Lonsec thinks it would be WBC and CBA as they biased towards Retail Banking (rather than Corporate Banking like ANZ and NAB), have solid retail deposit bases (cheapest form of capital) and are well positioned in the Australian Wealth Management (Superannuation) sector. 

Still quite a bit of dust flying about the place though. Just when it settles is anyone's guess.


----------



## rub92me (10 June 2008)

Right now I would choose the good old piggy bank :. Like Kennas I think we may see a bit more pain in the financial sector. When I look at the charts for the big 4 banks I don't exactly get good vibes. All we (don't) need is one of them stating that they have a bit more of a collaterised debt issue than previously thought and need to write off a few billion.


----------



## mapna (10 June 2008)

I reckon the most potential for M/term or long term is MQG ... This one has more investors/Inst. support amongst the sector itself.

CBA is my 2nd on the list 

Once the sector is down, yes they all drag together down but when the market is strong, CBA and MQG are the ones most push up ...

Anyway, IMHO and DYOR ....


----------



## JTLP (10 June 2008)

kennas said:


> Good thread for the long term investors out there JTLP. Might be a bit early to be jumping in IMO, but the dust will settle one day.
> 
> Lonsec thinks it would be WBC and CBA as they biased towards Retail Banking (rather than Corporate Banking like ANZ and NAB), have solid retail deposit bases (cheapest form of capital) and are well positioned in the Australian Wealth Management (Superannuation) sector.
> 
> Still quite a bit of dust flying about the place though. Just when it settles is anyone's guess.




Thanks Kennas...i always have been biased towards CBA. Didn't look at WBC much. 

Yes it's true, i'm not jumping the gun before the dust settles. Could be a few more months/even years before that happens. 

Maybe all that XAO analysis and 4800 might be a good time for myself to dip my little honeypot fingers...


----------



## Viginti (10 June 2008)

JTLP said:


> NAB have some UK assets. Again, not favourable to me...with all the recent sub-prime happenings.

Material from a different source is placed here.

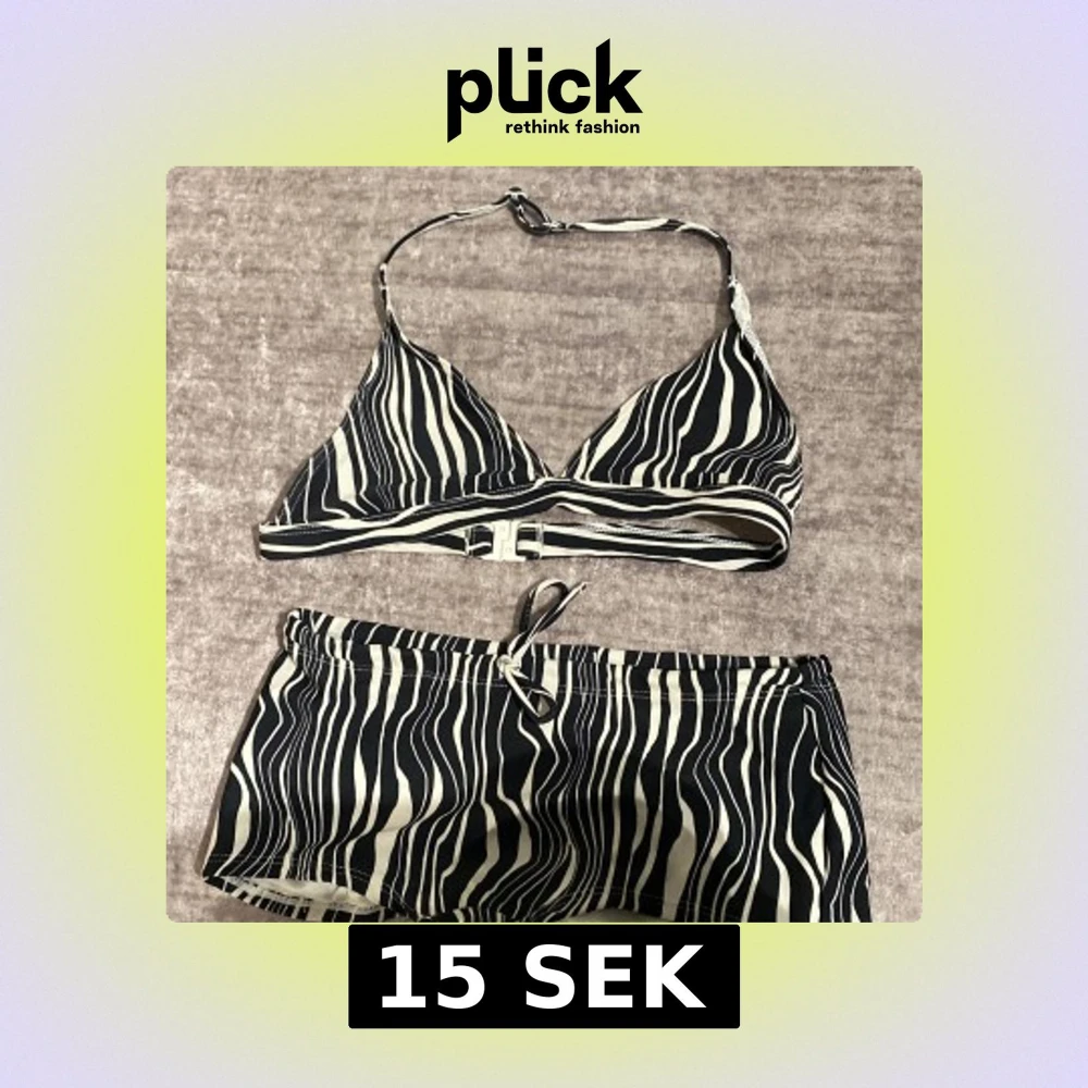 Snygg bikini med zebramönster i svart och vitt. Överdelen har trekantskupor med knyt i nacken och spänne i ryggen. Underdelen är ett par shorts med snörning framtill. Perfekt för strandhäng eller poolparty!

Also got exposure in US, which has burnt them before - anyone recall Homeside??  Exactly!!    They have also been relatively quiet re any exposure to sub-prime/bad debts/etc, so not sure how this will play out.

CBA have always had the scale, but this wont help much when customers run out here domestically, and I have not seen much of a play from CommBank elsewhere in the world.

WBC - wait until the dust settles on SGB.  This will keep them busy for a little while...

ANZ - well yes, large provisions but this has already been taken out of profit figures, so unless they have underestimated the total cost then this should have no further impact on bottom line.  Strategically they have made strongest move into Asia, but can they pull it off??  If this comes off then ANZ may be the one to watch.

But remember, this is all IMHO....


----------



## wildkactus (10 June 2008)

The two that I have been looking at lately are BEN & BOQ, 

BEN has had a rally of late but BOQ seams to be stuck in a sideways move.
they both could be a play if the big four become unstable.


----------



## Julia (10 June 2008)

mapna said:


> I reckon the most potential for M/term or long term is MQG ... This one has more investors/Inst. support amongst the sector itself.
> 
> CBA is my 2nd on the list
> 
> ...



I don't think you can compare CBA and MQG.  Completely different types of operations.


----------



## AnDy62 (13 June 2008)

Piggy bank sure looks the best given current prices, ANZ under $19, gee!! It's a seller's market that's for sure, it would be a brave man to wade in now


----------



## Sean K (13 June 2008)

If BNB goes bust, all the retail banks will suffer, or at least the one's with exposure. I think most of them will have some.

Any idea who has the most exposure to their 'assets'. 

The negative sentiment from BNB is sure to cause MQG some trouble, and since they realy of the investment flow, who's to say how they will end up.

The two combined will cause some serious issues for the retailers.


----------